16

Consider the following DataFrame:

+------+-----------------------+
|type  |names                  |
+------+-----------------------+
|person|[john, sam, jane]      |
|pet   |[whiskers, rover, fido]|
+------+-----------------------+

Which can be created with the following code:

import pyspark.sql.functions as f
data = [
    ('person', ['john', 'sam', 'jane']),
    ('pet', ['whiskers', 'rover', 'fido'])
]

df = sqlCtx.createDataFrame(data, ["type", "names"])
df.show(truncate=False)

Is there a way to directly modify the ArrayType() column "names" by applying a function to each element, without using a udf?

For example, suppose I wanted to apply the function foo to the "names" column. (I will use the example where foo is str.upper just for illustrative purposes, but my question is regarding any valid function that can be applied to the elements of an iterable.)

foo = lambda x: x.upper()  # defining it as str.upper as an example
df.withColumn('X', [foo(x) for x in f.col("names")]).show()

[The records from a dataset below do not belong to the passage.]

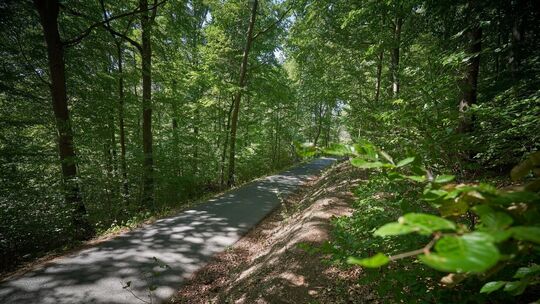 Auf diesem asphaltierten Waldweg in der Nähe des Koblenzer Stadtteils Arenberg liegt Anfang Juni Holz auf dem Boden. Ein 71-Jähriger hält sein Auto an, um den Weg freizuräumen – und damit beginnt der Horrorfilm. Foto: Sascha Ditscher Sascha Ditscher
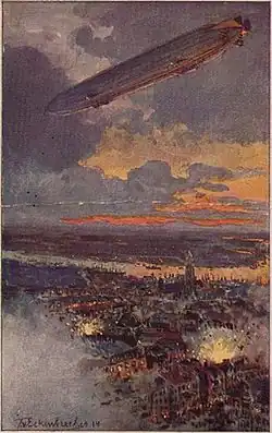 Als erste Städte wurden am 6. und 24. August 1914 Lüttich und Antwerpen von einem deutschen Zeppelin bombardiert. Der erste deutsche Bombenabwurf auf britischen Boden erfolgte durch den Fliegerleutnant Hans von Prondzynski[13] am 24. Dezember in Dover. Die von ihm abgeworfene Bombe verfehlte das anvisierte Ziel Dover Castle und landete im Pfarrgarten von St. James.[14] Eine danach aufgestiegene britische Maschine konnte den Angreifer nicht mehr ausfindig machen.[15] Am 19. Januar 1915 wurden die ostenglischen Städte Great Yarmouth und King’s Lynn in Norfolk von den Zeppelinen L3 und L4 bombardiert.[16] Am 31. Mai wurde der erste Bombenangriff auf London geflogen.
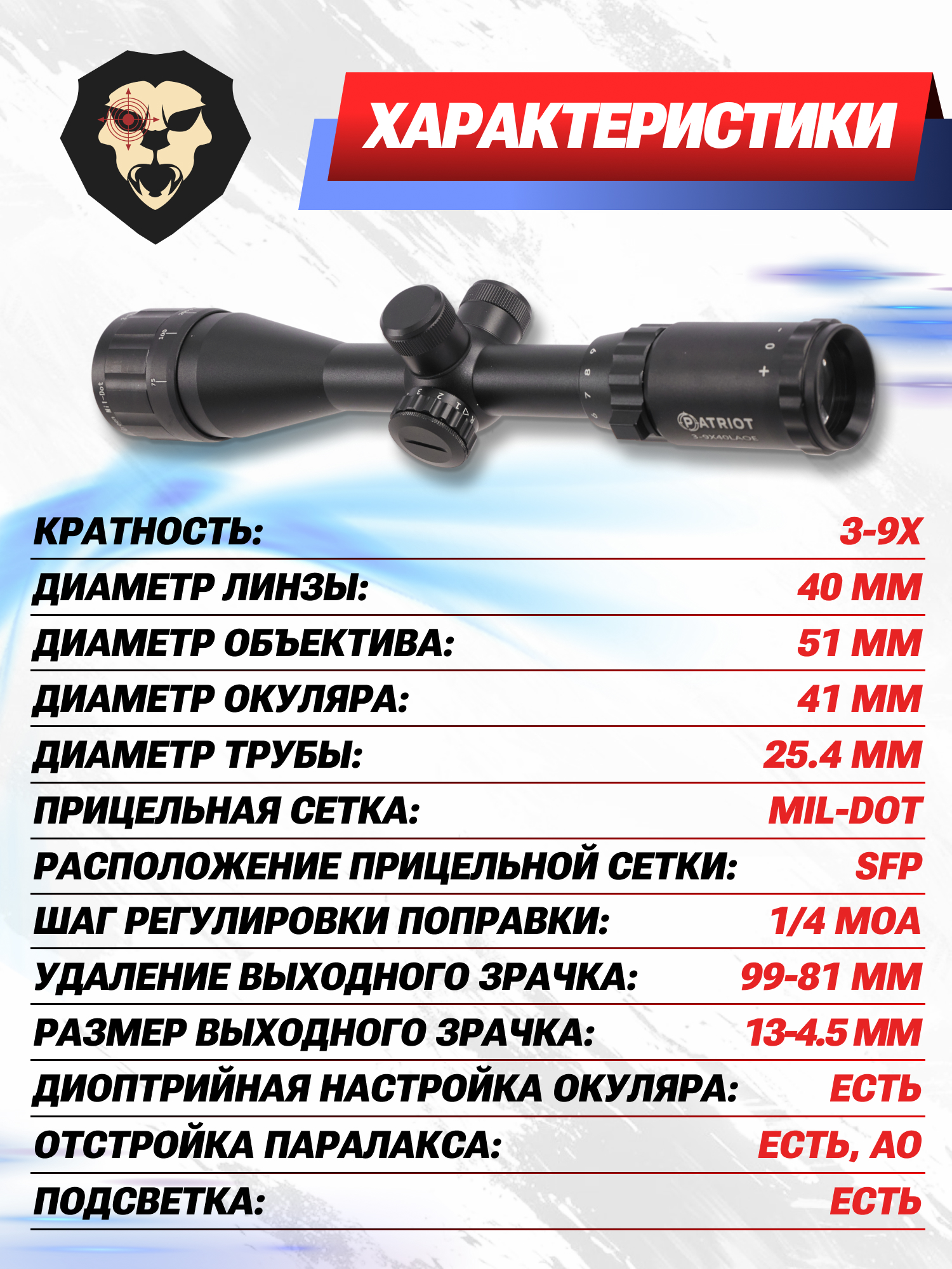 Оптический прицел Patriot P3-9x40 LAOE Mil-Dot (с подсветкой, BH-PT394AOE, 25.4 мм) купить в интернет-магазине Popadiv10.

TypeError: Column is not iterable

I could do this using a udf:

foo_udf = f.udf(lambda row: [foo(x) for x in row], ArrayType(StringType()))
df.withColumn('names', foo_udf(f.col('names'))).show(truncate=False)
#+------+-----------------------+
#|type  |names                  |
#+------+-----------------------+
#|person|[JOHN, SAM, JANE]      |
#|pet   |[WHISKERS, ROVER, FIDO]|
#+------+-----------------------+

In this specific example, I could avoid the udf by exploding the column, call pyspark.sql.functions.upper(), and then groupBy and collect_list:

df.select('type', f.explode('names').alias('name'))\
    .withColumn('name', f.upper(f.col('name')))\
    .groupBy('type')\
    .agg(f.collect_list('name').alias('names'))\
    .show(truncate=False)
#+------+-----------------------+
#|type  |names                  |
#+------+-----------------------+
#|person|[JOHN, SAM, JANE]      |
#|pet   |[WHISKERS, ROVER, FIDO]|
#+------+-----------------------+

But this is a lot of code to do something simple. Is there is a more direct way to iterate over the elements of an ArrayType() using spark-dataframe functions?

pault
  • 41,343
  • 15
  • 107
  • 149

2 Answers2

11

In Spark < 2.4 you can use an user defined function:

from pyspark.sql.functions import udf
from pyspark.sql.types import ArrayType, DataType, StringType

def transform(f, t=StringType()):
    if not isinstance(t, DataType):
       raise TypeError("Invalid type {}".format(type(t)))
    @udf(ArrayType(t))
    def _(xs):
        if xs is not None:
            return [f(x) for x in xs]
    return _

foo_udf = transform(str.upper)

df.withColumn('names', foo_udf(f.col('names'))).show(truncate=False)
+------+-----------------------+
|type  |names                  |
+------+-----------------------+
|person|[JOHN, SAM, JANE]      |
|pet   |[WHISKERS, ROVER, FIDO]|
+------+-----------------------+

Considering high cost of explode + collect_list idiom, this approach is almost exclusively preferred, despite its intrinsic cost.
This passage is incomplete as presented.